# Raymarine Dragonfly



## kenb (Aug 21, 2015)

firecat1981 said:


> So I finally got to bass pro to play around with some electronics. I was looking at 7" units (simrad go7, lowrance elite ti......). I just was a decent mapping machine with basic depth scanning. one thing that I didn't like was the form factor. Most of them looked like they were designed to be mounted on the face of a console, and they added a bracket as an after thought to mount it on top. The one exception was the raymarine Dragonfly, it's ball mount gimbal made it look pretty good. Only thing is I don't think it has a nmea2000 hook up, but I can learn to live without it if needed.
> 
> So anyone have an opinion on the unit? Or know another unit like it that looks as good?

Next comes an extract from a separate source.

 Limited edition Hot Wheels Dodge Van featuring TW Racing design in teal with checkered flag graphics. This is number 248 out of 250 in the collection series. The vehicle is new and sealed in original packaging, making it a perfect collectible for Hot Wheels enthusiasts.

Hi Firecat, I've been using a Raymarine Dragonfly Pro 7 for 1 1/2 years . Good bottom pics, and chart plotter. Can actually see it in the sun!


----------



## NativeBone (Aug 16, 2017)

@firecat1981 I have been using a Raymarine Dragonfly Pro 4, great display and Chartplotter


----------



## firecat1981 (Nov 27, 2007)

Thanks guys, it's good to hear. If I give up the nmea2000 connection by going this route I'll just make sure to get the digital guage package with the new motor.

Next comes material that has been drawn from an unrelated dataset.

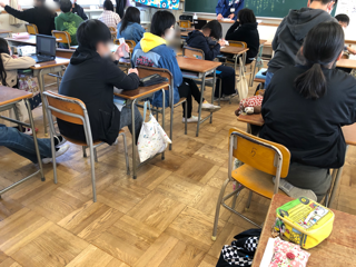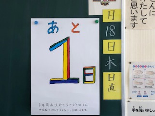 6年生の4時間目の教室の様子です。タブレットを使ったり、まとめや片付けをしたりしています。6年生は、給食とそうじの後、下校します。明日はいよいよ卒業式ですね。

I wonder why other units don't use this type of mount? It seems to look and function great.


----------



## firecat1981 (Nov 27, 2007)

Question. How do you like the WiFi capabilities? Can you import and export way points and such, or is it just a gimmick?


----------



## Egrets Landing (Feb 11, 2016)

The unit works great if you are OK with McDonalds quality garmin controlled mapping options. Shop units and ignore maps and you run the risk of ending up with a unit that you like that is seriously compromised with poorly conceived map options. What the screen displays all day where you run is much more important that the unit. The units are all approximately equally capable at each price point with only minor differences. The same thing cannot be said about the maps they run.


----------



## NativeBone (Aug 16, 2017)

hmmm, interesting-what non-Mcdonalds quality Garmin controlled unit can you recommend


----------



## Egrets Landing (Feb 11, 2016)

That totally depends on where you run your boat. Its different if you run SC vs. LA or FL or TX.


----------



## NativeBone (Aug 16, 2017)

Really, ok, Florida.


----------



## Egrets Landing (Feb 11, 2016)

For FL, Florida Marine Tracks is clearly the best by a long shot for your rig. That disqualifies the Raymarine unit. Look at the Lowrance Elite Ti, HDS or Simrad Evo units.


----------



## NativeBone (Aug 16, 2017)

@Egrets Landing 
So I use navtronics, are you saying Florida Marine Tracks is a better platform?


----------



## Egrets Landing (Feb 11, 2016)

As mentioned previously, Navionics is to McDonalds as FMT is to Ruths Chris. Totally different league for anyone running proximate to land.


----------



## firecat1981 (Nov 27, 2007)

Thanks again for your insight EL. From what I've seen the Navionics plus chip it comes with is leaps and bounds above the upgraded maps I'm using now on my etrex. I know FMT is the best, but I'm not looking for satellite overlay, just a decent basic map.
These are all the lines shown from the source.